I just finished a snack of fresh sliced cukes and tomatoes from my garden thanks for the rain... YOMMMMY


----------



## Capt Rhan (Nov 8, 2017)

Im going to have my 2010 9.9 stroke merc for sale soon. Mechanic is making sure all is well with it.


----------



## Lip Snatcher (May 1, 2016)

Same in Palm Coast


----------



## arsinek (Jul 5, 2018)

I'm in Mandarin, sometimes fish St.Aug, I usually put in at Palm Valley. The water in St.Aug is actually cleaner than Palm Valley.
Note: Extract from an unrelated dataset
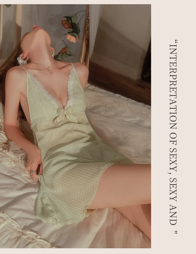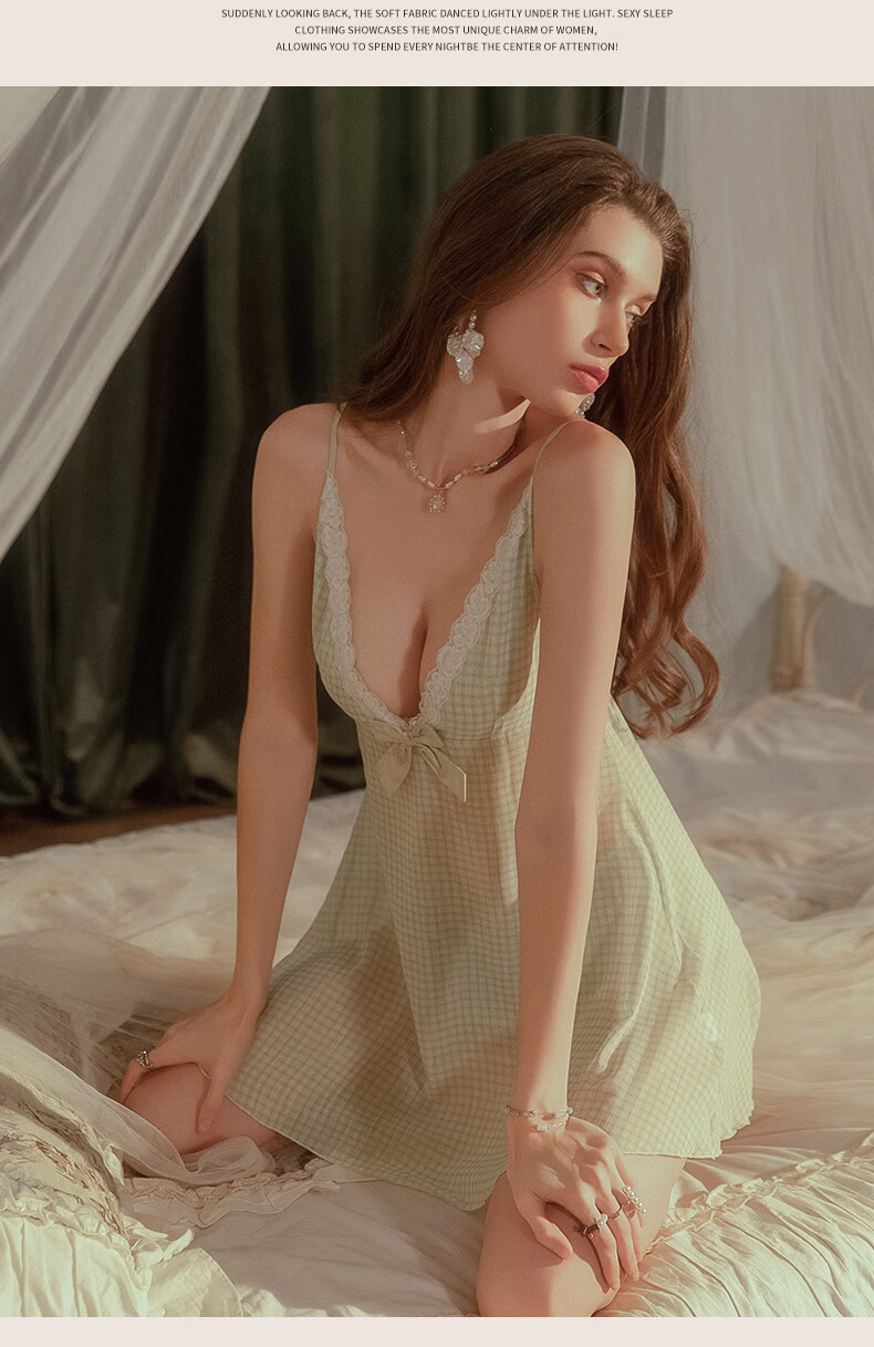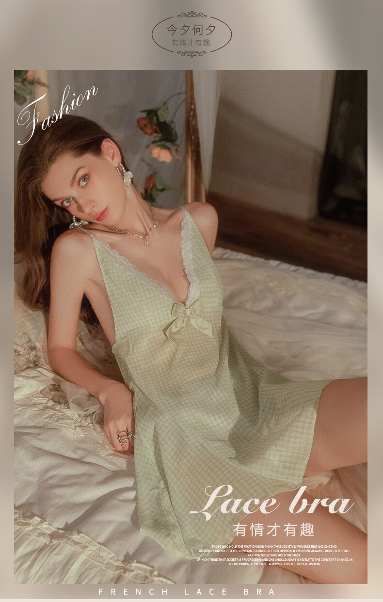 Today and evening sexy pajamas for women 2025 new ice silk plaid bow fun pajamas lace home clothes green plaid (nightgown + shorts) M

I fished Palm Valley area yesterday, the 4th, water was doodoo brown. Plenty of mullet around but I saw no signs of game fish, nor did I catch anything or even get a bite! I used all artificial.


----------



## Bill Payne (May 22, 2018)

Same in Ormond, I've never seen the river so brown & murky. Is that what it is, the rain?


----------



## arsinek (Jul 5, 2018)

Bill Payne said:


> Same in Ormond, I've never seen the river so brown & murky. Is that what it is, the rain?


Apparently.

I saw one guy say he checked the salinity level and it was off what it needs to be.

Anyone know how you check salinity levels?


----------



## CaptDanS (Oct 26, 2017)

I would say so.


----------



## Capt Rhan (Nov 8, 2017)

yelp runoff


----------



## Blue748 (May 28, 2017)

Flounder/Trout bite was on on Monday in St. Aug. Didn't sight fish.


----------



## 18590 (Aug 21, 2017)

arsinek said:


> Apparently.
> 
> I saw one guy say he checked the salinity level and it was off what it needs to be.
> 
> Anyone know how you check salinity levels?


A salinity hydrometer from the pet shop would do it, or a refractometer if you want the measurement to be more precise.


----------



## Bill Payne (May 22, 2018)

Can you just check it at the surface, or do you need to get it deeper. Sorry if this is a stupid question, chemistry is not my strong suit.


----------



## Bill Payne (May 22, 2018)

CaptDanS said:


> I would say so.


That’s what I figured, the ocean seems to have gotten a bit clearer in the last few days, so hopefully all water conditions will improve.


----------